The discussion on forecasting volatility and estimating variance-covariance (VCV) matrices encompasses several key methods and concepts, each with its strengths, weaknesses, and appropriate applications. These can be categorized into the following key learning ideas:

1. Estimating Constant VCV Matrices with Sample Statistics

Method: Utilizes sample variance or covariance from historical return data.
Strengths: Unbiased and consistent, simple to implement.
Weaknesses: Limited by sample size, may not handle large numbers of assets well due to substantial sampling error and lack of cross-sectional consistency.
Application: Suitable for smaller asset numbers with ample historical data.

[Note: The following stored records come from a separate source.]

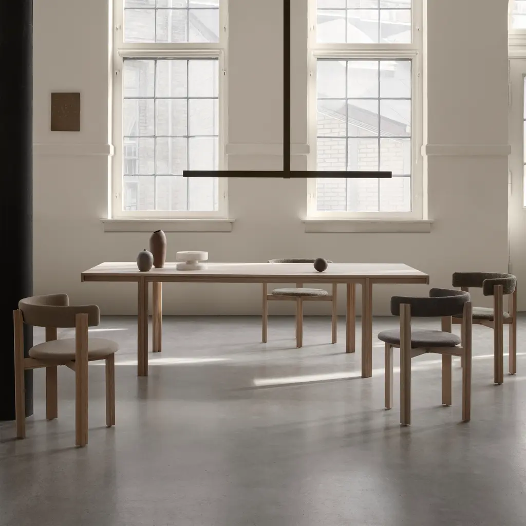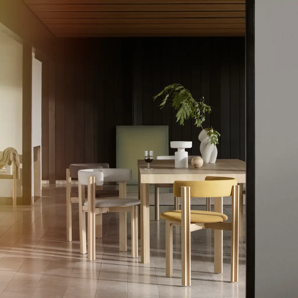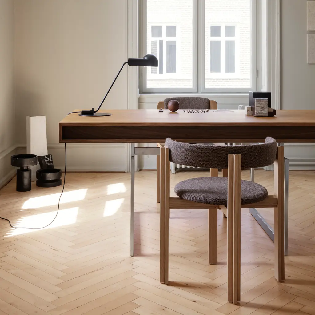 A pioneering woman in her field, Bodil Kjær debuted her dining chair in 1961 as part of the Principal series with an architectural slant. Cache features a smartly upholstered circular seat and rounded backrest that offsets the geometry of the straight-lined wood framework. Clad in a choice of leather or fabric, the Danish designer’s seating is crafted in either solid oak or walnut with a clear matte lacquer to go with the matching dining table (also at A&R) from Copenhagen maker Karakter.
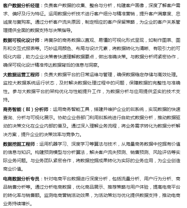 六、商务数据分析与应用专业就业领域
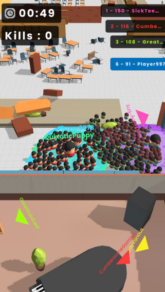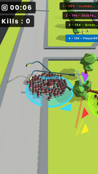 开局每个人都是带着一个粉丝,地图中有不同的地形,玩家开始不要和其他的粉丝群体打架,去吞噬哪些不动的中立粉丝,吞噬后即可壮大自己的粉丝群体,可以看到这些粉丝跟着你到处跑,十分有趣。
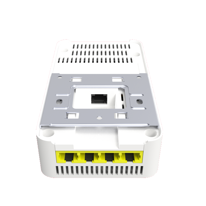WiFi 6室内双频墙面AP,内置天线,双频四流,最大带宽2.976Gbps;支持4路千兆有线接口;支持1路千兆上联,支持802.3afPoE远程供电和本地48V直流供电接口。
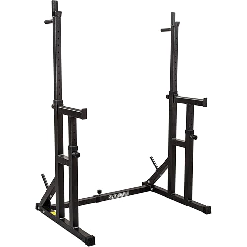 GYM MASTER Fully Adjustable Heavy Duty Squat & Bench Press Rack With Multi Position Spotter, Dip Bars & Weight Plate Holders
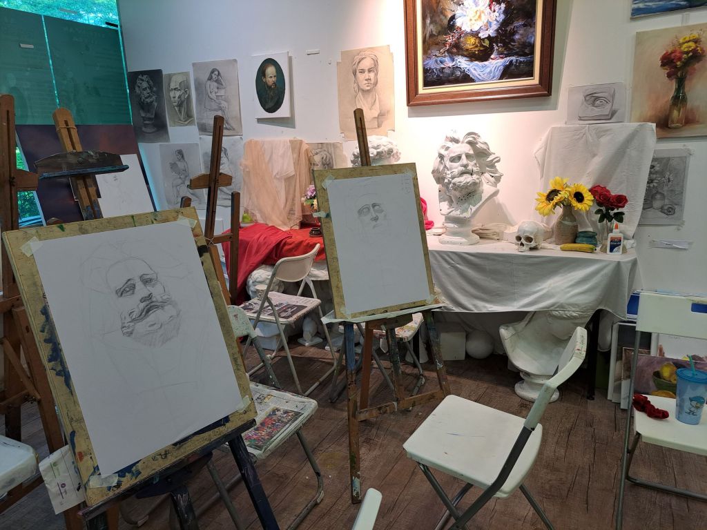 周老师觉得如此的人数让自己难堪, 我就挑战她, 如果她敢教,我就敢学画人像石膏马赛Marseille 。 坐下来, 我给自己一点学习的空间和时间段。 也培养我的虚心, 这一刻我是学生。
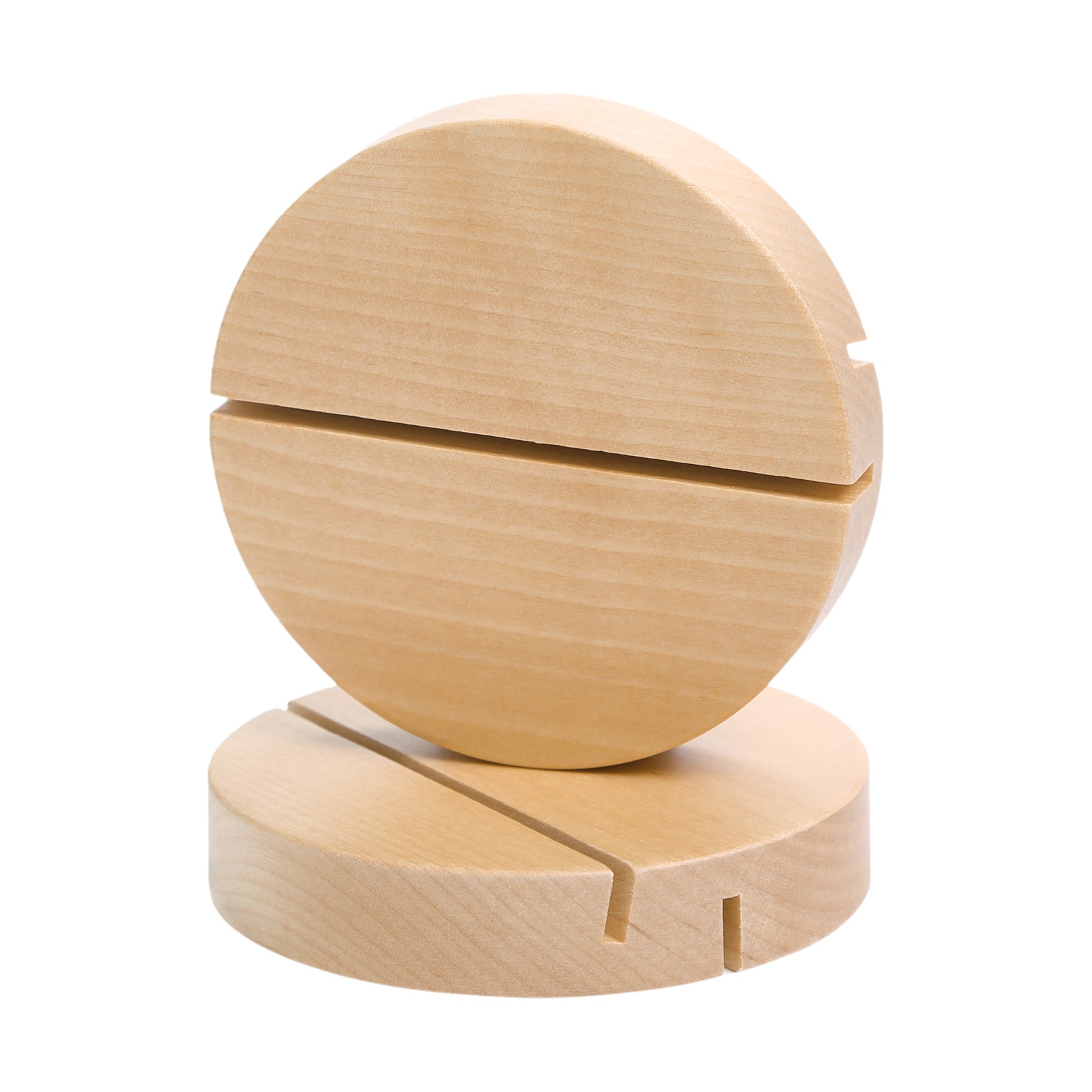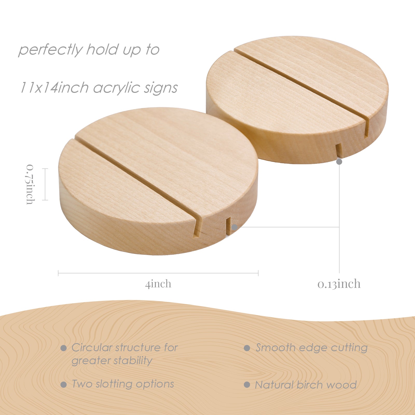 UNIQOOO 6 Pack 4" Round Birch Wood Stands for Wedding Acrylic Sign, Wood Table Number Holders for 1/8 Thick Acrylic Sheets | Wedding Display Stand, Card Holder for Bar Menu, Retail Sign, Party
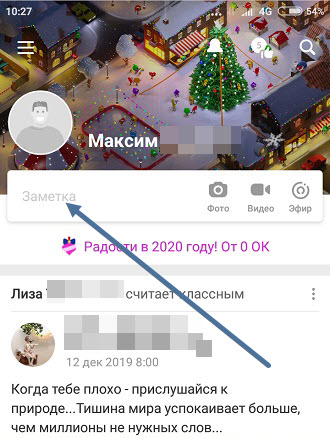 В нём, можно описать своё настроение, указать род деятельности, хобби, написать поздравительный текст, который увидят друзья и родственники и многое другое.
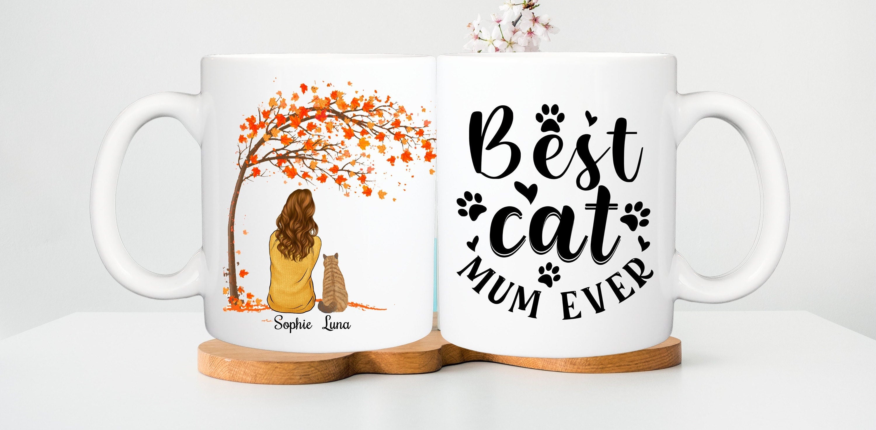 You can add more than 1 cat :) Personalised Cat Mug, Woman and Cat, Cat Lover, Cat Owner, Gift for C...

2. VCV Matrices from Multi-Factor Models

Method: Imposes structure on the VCV matrix using a small number of common factors to determine covariances and asset-specific variances.
Strengths: Handles large numbers of assets, reduces estimation items, and improves cross-sectional consistency.
Weaknesses: Potential for mis-specification leading to biased and inconsistent estimates.
Application: Effective for large asset pools, when precise factor sensitivities and factor VCV matrix elements can be identified.

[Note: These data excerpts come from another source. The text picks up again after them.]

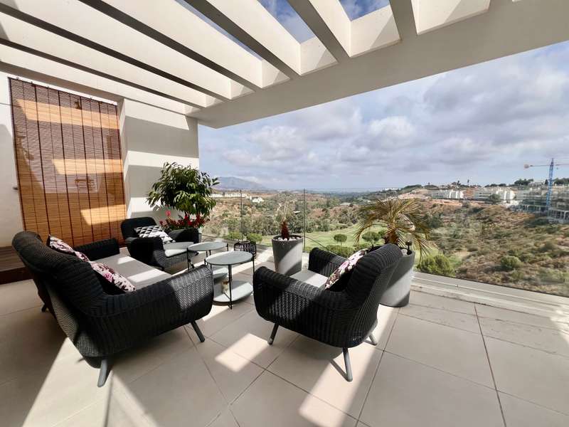 This exclusive south-facing duplex penthouse boasts impressive open views over the golf course and a privileged location within a high-end residential complex. The property is delivered fully furnished with exclusive Nordic designer furniture, ready to move in and enjoy. On the upper floor, a spectacular private solarium with its own swimming pool offers the ideal space to relax, sunbathe or share unforgettable moments with family and friends, all while enjoying breathtaking panoramic views. The penthouse includes two large parking spaces and a storage room, in addition to all the amenities of a premium residential complex: Communal swimming pool, fully equipped gym, sauna and Jacuzzi, Beautiful landscaped gardens, perfect for walking and relaxing. Thanks to its south orientation, the property enjoys natural light throughout the day, creating a warm, welcoming and exclusive atmosphere in every room. A truly unique home that combines luxury, comfort and quality of life, designed for t
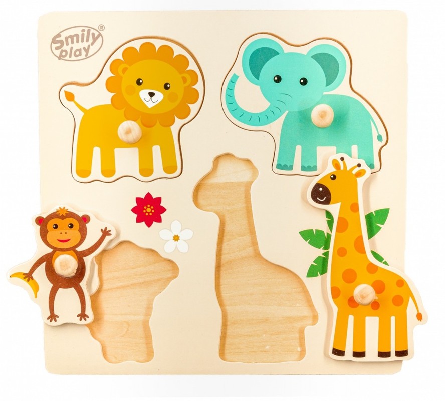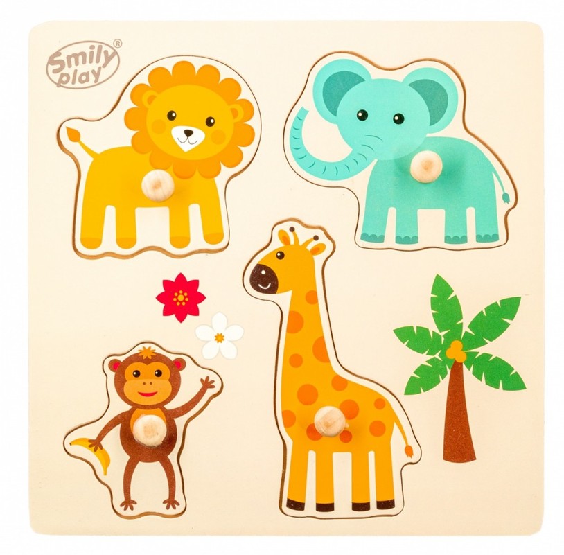 Dėlionės gali būti sudėtos specialiai profiliuotose vietose lenta, pritaikyta šiam tikslui. Kiekviena dėlionės dalis turi rankenėlę, todėl jūsų vaikui lengviau sudėti dėlionę. Dėlionę sudaro keturios dalys ir lenta. Kiekvienas lentos elementas turi skirtingą formą ir spalvą - dėlionės vaizduoja skirtingus gyvūnus, o lenta tarnauja kaip fonas ir papildo paveikslą. Dėlionė padeda:
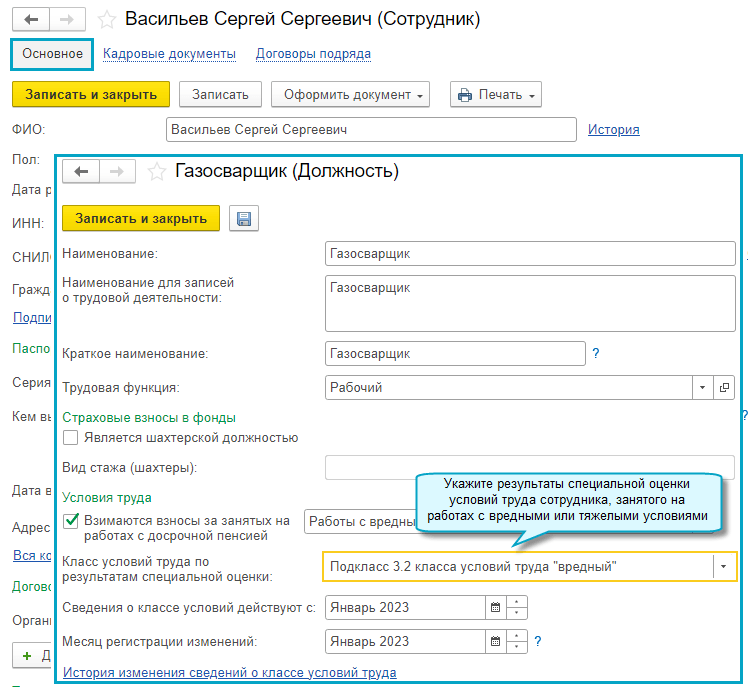 После сохранения сведений по сотруднику при печати формы ЕФС-1 заполняются результаты специальной оценки условий труда в подразделе 1.2 раздела 1.

3. Shrinkage Estimation of VCV Matrices

Method: Combines sample VCV matrix with a target VCV matrix (reflecting prior knowledge) to mitigate estimation error.
Strengths: Increases efficiency of estimates, capturing benefits of underlying methodologies while mitigating their limitations.
Weaknesses: Requires determination of appropriate weights and target matrix, which introduces bias.
Application: Useful when balancing between sample data reliability and theoretical model structures.

4. Estimating Volatility from Smoothed Returns

Method: Adjusts for smoothing in asset classes like real estate or private equity, where observed returns dampen volatility.
Strengths: Corrects for underestimation of risk and overestimation of diversification benefits.
Weaknesses: Dependent on finding reliable observable variables to represent unobservable true returns.
Application: Critical for asset classes with smoothed return data to ensure accurate risk assessment.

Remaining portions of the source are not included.